Longest ascending subsequence

I encountered this question in my written examination today and found it difficult.

1. Problem description:
Returns the length of the longest monotonic auto-incrementing subsequence of a positive integer sequence. The subsequence is not consecutive. For example

Input: 5

5 2 4 3 1

Output: 2
2. The most intuitive approach to dynamic planning is dynamic planning.

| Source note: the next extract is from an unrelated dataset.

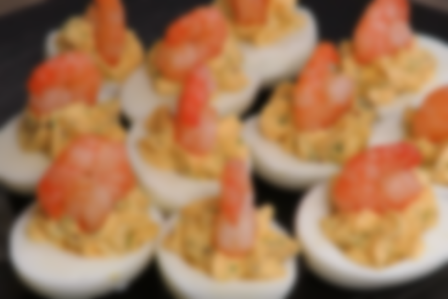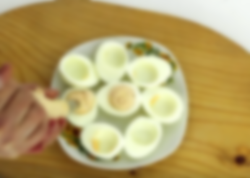 9. Начините получившимся «фаршем» белки. Выложите их на красивую плоскую посуду.

Using dp [I] to represent the length of the longest incrementing subsequence ending with the I element, how can we transfer it? Let's take it all into consideration in dp [j] Before I, (j Dp [I]-1, which indicates that dp [I] can be updated based on this j, that is, dp [I] = dp [j] + 1; otherwise, dp [I] does not need to be changed.
Complexity: The O (N ^ 2) code is as follows:

# Include
  
   
# Define MAX 100 using namespace std; int dp [MAX]; int val [MAX]; int main () {int n, rs = 1; cin> n; for (int I = 0; I
   
    
> Val [I]; dp [I] = 1; // only one element for initialization (int j = 0; j
    
     
3 The method described in O (NlogN) algorithm 2 needs to traverse all dp [0] ~ When solving dp [I]. Dp [I-1], so can reduce each traversal?
     
In fact, when I is a little larger, j =, 2, and so on may not be able to meet the requirements of dp [j]> dp [I]-1, and it is useless to traverse them, after finding a j that meets both of the preceding conditions, we can determine that items smaller than dp [j] do not need to be considered. Therefore, we need to find items that meet val [j].
     
    
   
  

Using namespace std; vector
  
   
Len; // dynamic array int bisearch (int val) {int left = 0, right = len. size (); while (left <= right) {int mid = (left + right)> 1; if (len [mid] <val) left = mid + 1; else right = mid-1;} return left;} int main () {int n, val; cin> n; for (int I = 0; I
   
    
> Val; int k = bisearch (val); if (len. size ()
    
     
The difficulty of this question is to use an auxiliary array to record the features of each longest incrementing subsequence, and use the greedy idea to store only one ending number.